◆ ASSIGNMENT ◆
The copy must match the data below line for line and contain no images.

◆ GIVEN MATERIAL ◆
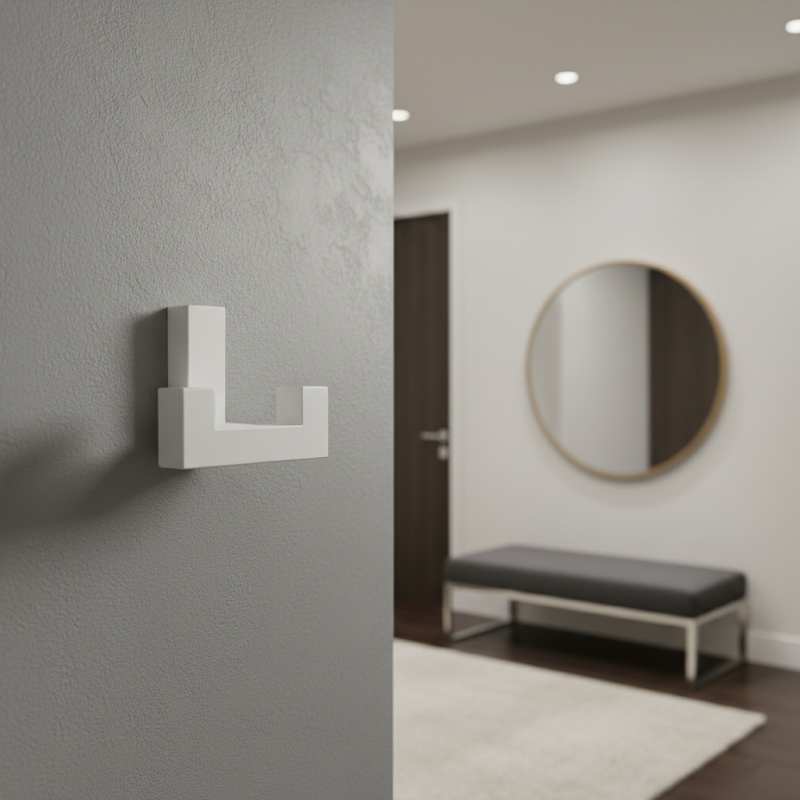 Elegantní a praktický věšák v moderním designu s přední montáží na podložku. Instalace je jednoduchá - podložka se připevní ke stěně pomocí hmoždinek a šroubů (jsou součástí dodávky), na ni se pak nasadí věšák a zespodu se upevní šroubem.
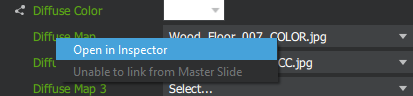 To edit a texture map, right-click the map property name in the inspector palette and select Open in Inspector from the context menu.
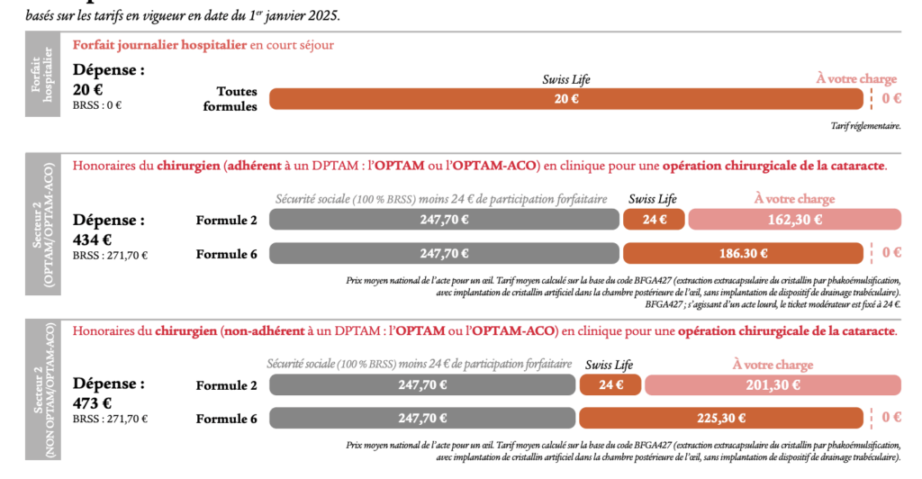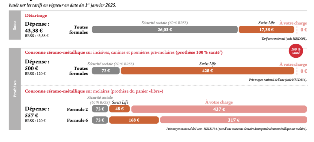 Notez toutefois que dans certaines conditions, la totalité de l’acte sera couverte par Swiss Life, si la couverture (par exemple, 400 % du BRSS) suffit. Voici quelques exemples.

◆ SOLUTION TO THIS EXERCISE ◆
 Elegantní a praktický věšák v moderním designu s přední montáží na podložku. Instalace je jednoduchá - podložka se připevní ke stěně pomocí hmoždinek a šroubů (jsou součástí dodávky), na ni se pak nasadí věšák a zespodu se upevní šroubem.
 To edit a texture map, right-click the map property name in the inspector palette and select Open in Inspector from the context menu.
 Notez toutefois que dans certaines conditions, la totalité de l’acte sera couverte par Swiss Life, si la couverture (par exemple, 400 % du BRSS) suffit. Voici quelques exemples.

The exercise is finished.